The #MeToo movement (Chinese: #WoYeShi) emerged in China shortly after it originated in the United States. In mainland China, online MeToo posts were slowed by government censorship. To avoid the censorship, Chinese women using the #MeToo hashtag on social media began using bunny and bowl-of-rice emojis; "rice bunny" is pronounced mi-tu in Chinese. Feminist activist Xiao Qiqi originated the use of rice-bunny emojis for the movement.

Universities 
The #MeToo movement began in China in 2017, when Luo Qianqian (罗茜茜) accused Beihang University professor Chen Xiaowu (陈小武) of sexually harassing her in 2004 while she was a PhD candidate. On the Chinese question-and-answer site Zhihu, Luo saw other former students discussing Chen's improper behaviour (including sexual assault and forced alcohol consumption); one former student had recorded proof of harassment.
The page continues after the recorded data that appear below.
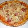 Pomodoro, mozzarella, funghi, wurstel, cipolla.
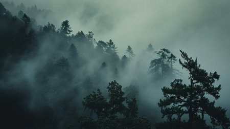 Captivating view of a mist-covered mountain landscape filled with dense pine forests, creating an atmosphere of tranquility and mystery in a natural setting.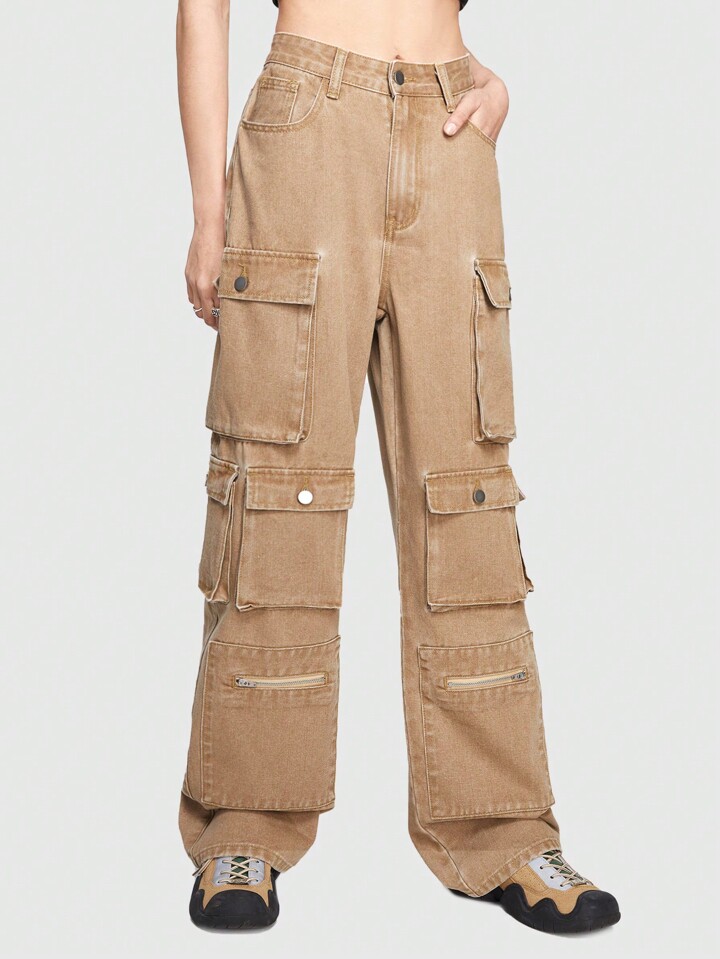 Grunge Punk Cargo-jeanshose Mit Mehreren Taschen

Luo then contacted the president of the Beihang Alumni Association to accuse Chen publicly. Xiao Qiqi’s hashtag #MeToo on the microblogging platform Weibo attracted more than 2.3 million views, and the university removed Chen from his teaching position. China Daily praised the university's actions, and encouraged students to continue exposing abusive educators.

As the #MeToo movement attracted public attention, Li Tingting's partner Xiao Meili wrote an open letter denouncing the lack of investigation of sexual harassment on Chinese university campuses. Meili suggested that universities offer education on sexual harassment to students, staff, and faculty with public lectures, hire investigators; and establish hotlines for students to report sexual harassment to school officials.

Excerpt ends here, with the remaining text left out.